In this third installment of our Tasty Dog Food Series, we continue to share stories of how we’re using our own product, Planview Viz™, internally to boost our growth and happiness.
“I started thinking about application replatforming a while back, mostly based on intuition and drawing on my professional experience,” Jeff begins. “But I was waiting for the data points to come together and convince me the time was right.”
The data points Jeff is referring to are all brought together in his Planview Viz dashboards, which he consults several times a week. Viz measures flow across his end-to-end product value stream. Jeff looks at Flow Time (time-to-market), Flow Velocity (throughput) and Flow Efficiency. He also keeps a close eye on Flow Load (a measure of work in progress) and Flow Distribution (where delivery capacity is going).
Side-by-side with Flow Metrics, Jeff tracks business results: ARR, renewal rates, value stream costs, escaped defect ratios, customer and employee NPS scores to name a few. He uses the business results to keep everyone focused on doing the right things. And he uses Flow Metrics to make sure things are being done well and that the value stream is continuously improving.

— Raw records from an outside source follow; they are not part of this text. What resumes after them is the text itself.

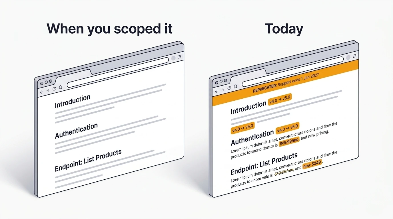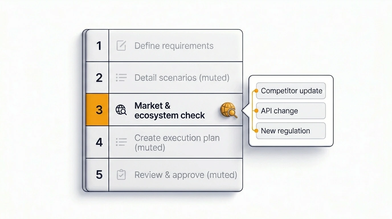 Non è un'ipotesi. È lo standup del martedì a metà sprint. Qualcuno nel team menziona un'API che si comporta diversamente da come il ticket descrive. Un'altra persona apre il changelog di un competitor e scopre che hanno rilasciato quasi la stessa funzionalità tre settimane fa. Il ticket andava bene quando è stato scritto. Il mondo si è semplicemente mosso prima che il sprint iniziasse.
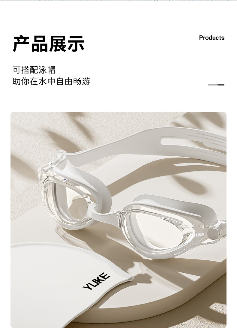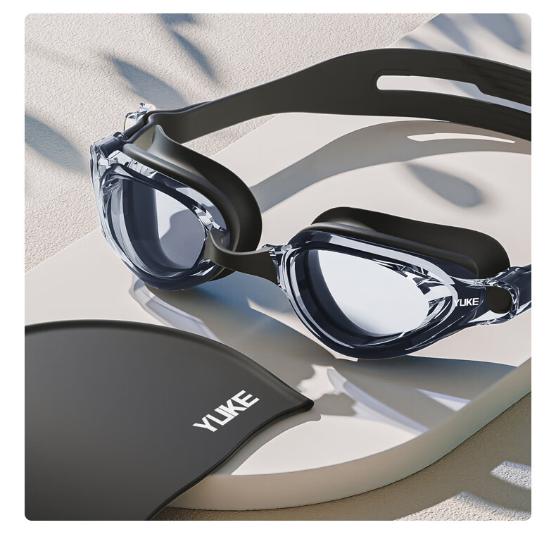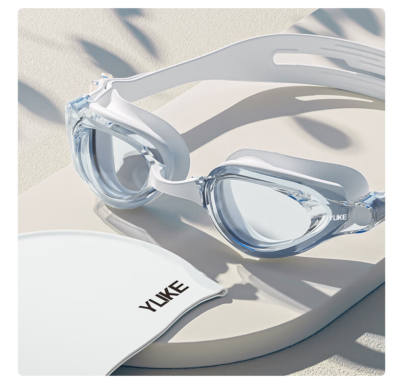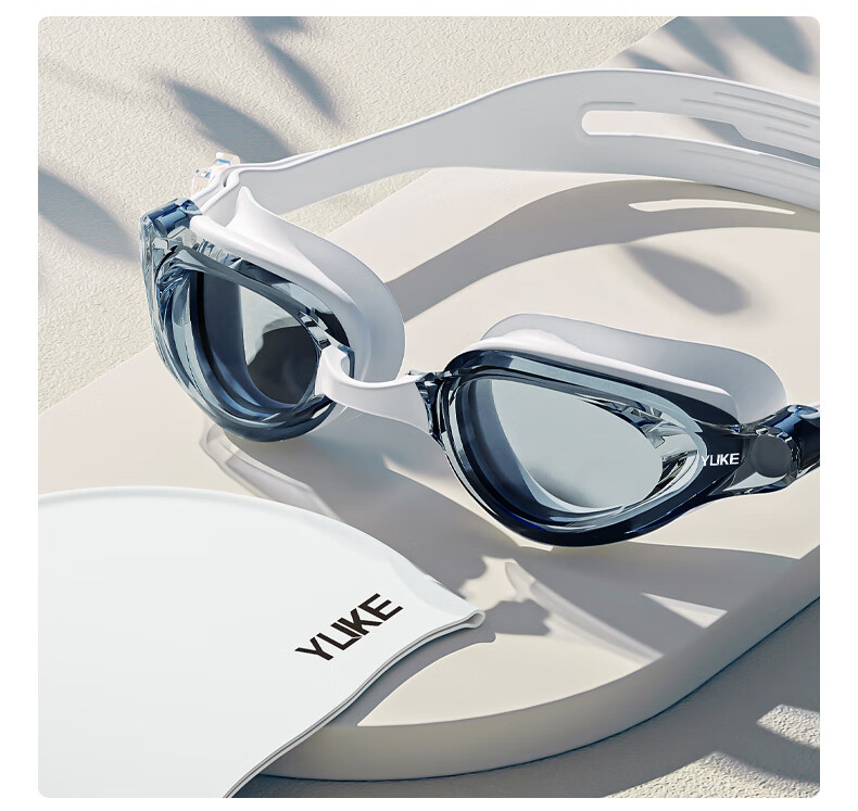 Yuke swimming goggles high-definition anti-fog waterproof myopia degree men and women professional swimming goggles diving equipment swimming goggles and swimming cap set light blue and white with nose clip earplugs myopia 300 degrees
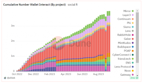 从2021年开始,SocialFi 这一赛道逐步进入加密领域用户的视野, 与链游的社交和娱乐属性相似,被认为是可以带来大量Web3新用户流量的现象级赛道。 相比2021-2022整个赛道较为冷淡的处境,2023年 SocialFi 赛道的一些玩法和设计上的创新获得了不小的流量。 如下图所示,整个 SocialFi 赛道在过去一年迎来了较好的发展,主流项目的累计钱包交互数接近400万次以上,而Galxe、Friend.Tech、Sismo等新项目也收获了不少流量。
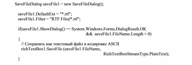 В следующем примере метод SaveFile() используется для указания то- го, что файл должен быть сохранен как текстовый файл в кодировке ASCII, а не в стандартном формате RTF.
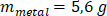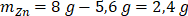 Mosiądz jest stopem cynku z miedzią. Wiemy, że miedź nie ulega reakcji roztwarzania z kwasem solnym, a więc w podanej reakcji to cynk będzie reagował z kwasem solnym. W wyniku reakcji wydzieliło się 5,6 g metalu, czyli miedzi, która nie uległa reakcji. Obliczamy masę cynku:
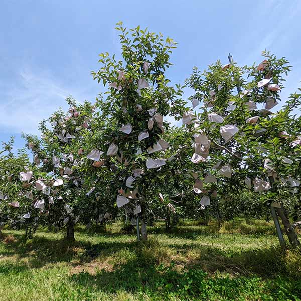 完熟のりんご生産を目指しているため、果実表面に蜜が浮き出ることがありますが、品質には何ら問題がありません。
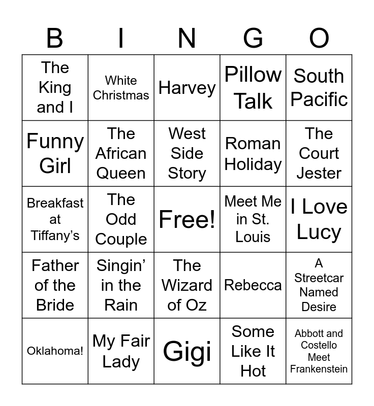 This bingo card has a free space and 24 words: Singin’ in the Rain, My Fair Lady, West Side Story, Oklahoma!, South Pacific, The King and I, Funny Girl, White Christmas, Meet Me in St. Louis, The Wizard of Oz, Roman Holiday, Breakfast at Tiffany’s, Rebecca, A Streetcar Named Desire, The African Queen, Some Like It Hot, I Love Lucy, Harvey, The Court Jester, The Odd Couple, Abbott and Costello Meet Frankenstein, Father of the Bride, Pillow Talk and Gigi.
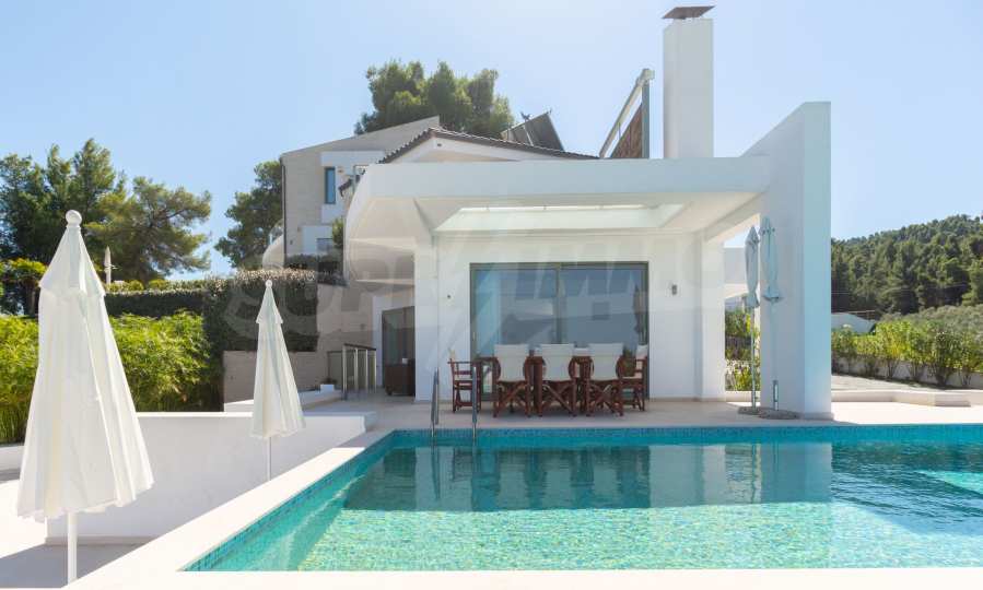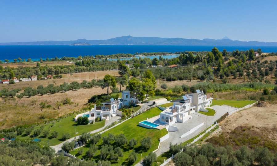 Newly - built complex of 4 luxurious villas in Kassandra, Halkidiki, with a wonderful view of the Toronaios bay. The complex is consisted of 4 living rooms connected with the dining rooms with a kitchen, 19 bedrooms, 14 bathrooms, 4 wc and 4 storage rooms. The plot is 8 acres and each villa has a private pool and three parking spaces. It is perfect for professional exploitation.
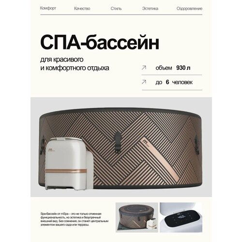 MSPA FRAME Mono Round Bubble Spa – отличный выбор для домашнего СПА-бассейна, подходит для использования как на открытом воздухе, так и в помещении. Вместимость до 6 человек. Корпус (чаша) бассейна из плотного прочного многослойного ПВХ с внутренним антибактериальным покрытием, дно с антискользящей защитой. Чаша обладает устойчивостью к проколам и разрывам. Дизайн стенок в современном роскошном стиле, наружная отделка Champange Gold, внутренняя Iron Grey.
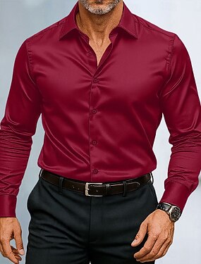 Herr Skjorta Silkesliknande Satinskjorta Casual skjorta Knapp upp skjorta Balskjorta Slät Bröllop Dusch Svart Vit Rubinrött Kungsblå Långärmad Kavajslag Vår & Höst Alla årstider Kläder
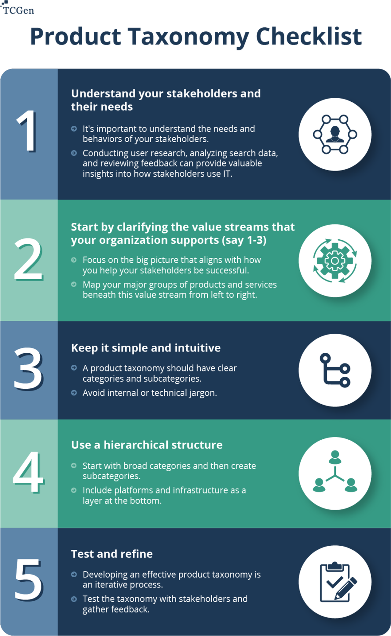- Test and refine Developing an effective product taxonomy is an iterative process. Test the taxonomy with business stakeholders and gather feedback on its effectiveness. Use analytics to track how people are using the taxonomy, and make adjustments based on their behavior and feedback.
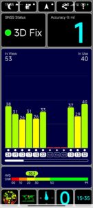 Der GPS Test, mit gleichnamiger Software, kann die Position auf 1 m genau bestimmen (Dank Mediatek Prozessor). Dabei wurden 53 Satelliten gefunden und davon 40 für die Positionsbestimmung verwendet.
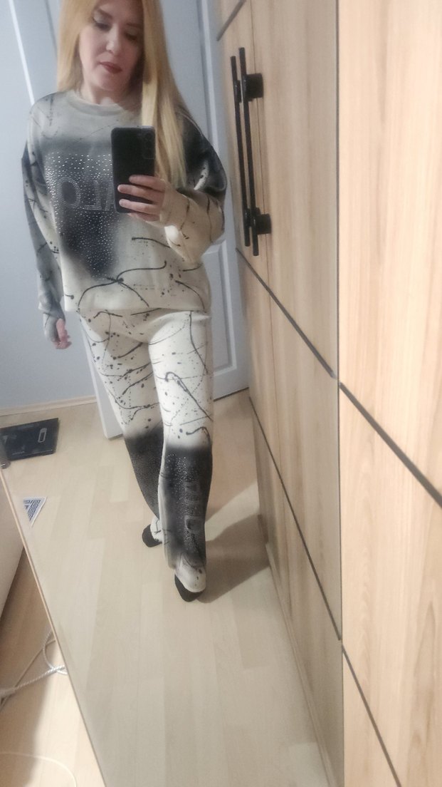 Gri bağlama deseni ve tüy detaylı, uzun kollu, yüksek yakalı, bol kesim kadın eşofman takımı. Sentetik kumaştan, günlük kullanım için uygundur. ♀️
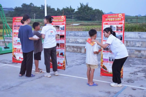 为庆祝建党100周年,深入贯彻习近平总书记在党史学习教育动员大会上的重要讲话精神,把党史学习教育同乡村振兴有效融合,推动党史学习教育走深走实,助力乡村振兴工作蓬勃发展,7月13日,我校人工智能学院暑期社会实践队赴南宁市上林县乔贤镇横岭村开展党史宣讲活动。
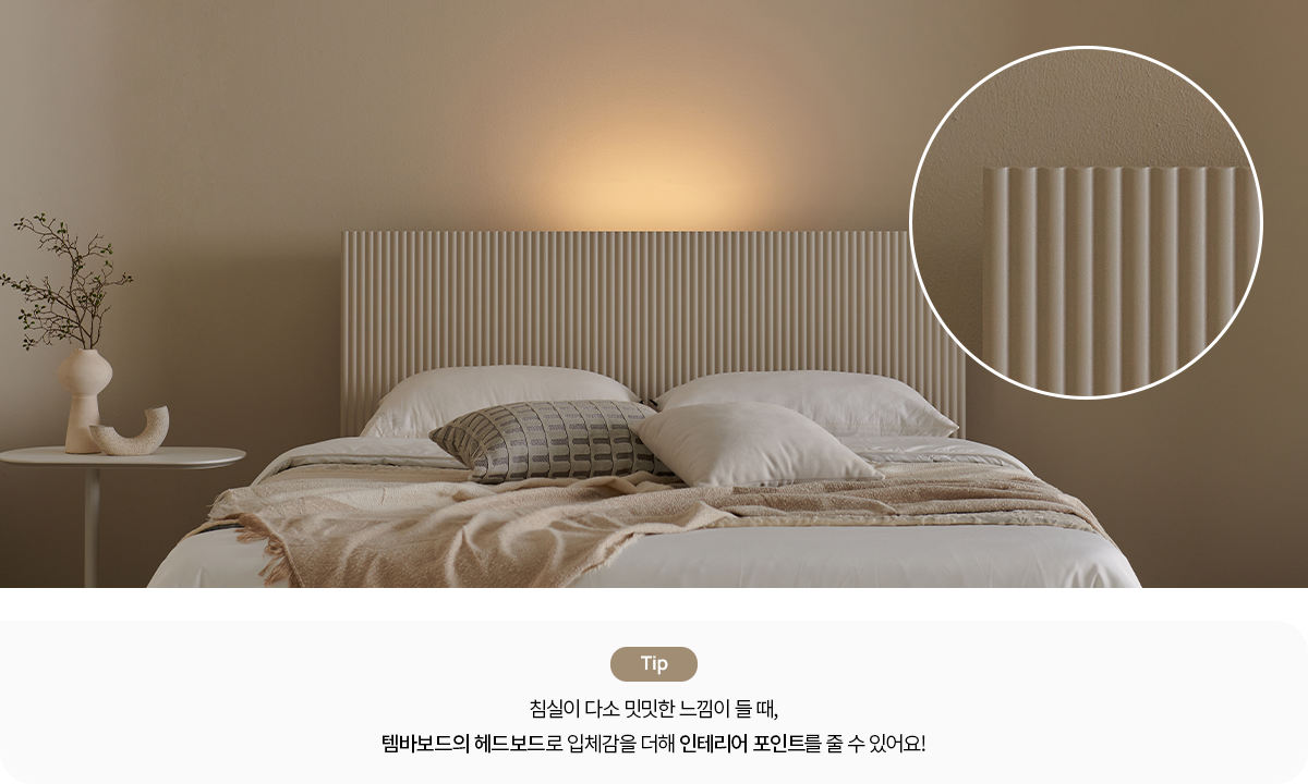 부드러운 곡선이 패턴처럼 이어지는 템바보드 디자인으로 모던함을 강조해 보세요.

“When you have a successful, mature product, finding the right time to replatform is a challenge. There is always so much to do, it’s hard to prioritize a big undertaking like this. But at the same time, we want to keep our solution modern, we want it to be relatively easy to grow and evolve. And there comes a time in a product’s life cycle where you just have to prioritize tech debt for the sake of future acceleration.”
So how do you know when it’s the right time to replatform? For Jeff there were a few telltale signs:
- Delivery was gradually slowing down. As the codebase became more complex, every code change for Features or Defects was more complicated, required more care, more testing. As a result, over several consecutive quarters, Flow Time was getting longer and Flow Velocity was decreasing.
- Product quality was becoming more of an issue. Flow Distribution showed more and more capacity going towards defect resolution, while very little tech debt was being addressed.
- New hire onboarding was taking longer. Learning the ins and outs of a large codebase is difficult, and it would take new hires several months to ramp up.
- Employee happiness was on the decline. Engineers were getting frustrated with the complexity of the existing platform and it was causing attrition. They would call this out explicitly in Jeff’s quarterly eNPS surveys and 1:1s.
This last point about employee happiness was critical for Jeff, who is one of our best people managers. “It’s important to see the software and the people working on the software as a system. The software affects engineers just as much as engineers affect the software. And as a manager and value stream lead, you owe it to both to expect — and enable — high performance. If you see a decline in performance of either one over the long term, something should be done.”
Jeff turned to his most senior technical braintrust to investigate the options, who came back with a recommendation to move to a standardized and widely-used platform. They also suggested that the re-platforming be done by the principal engineers in a parallel track so as not to disrupt the whole value stream.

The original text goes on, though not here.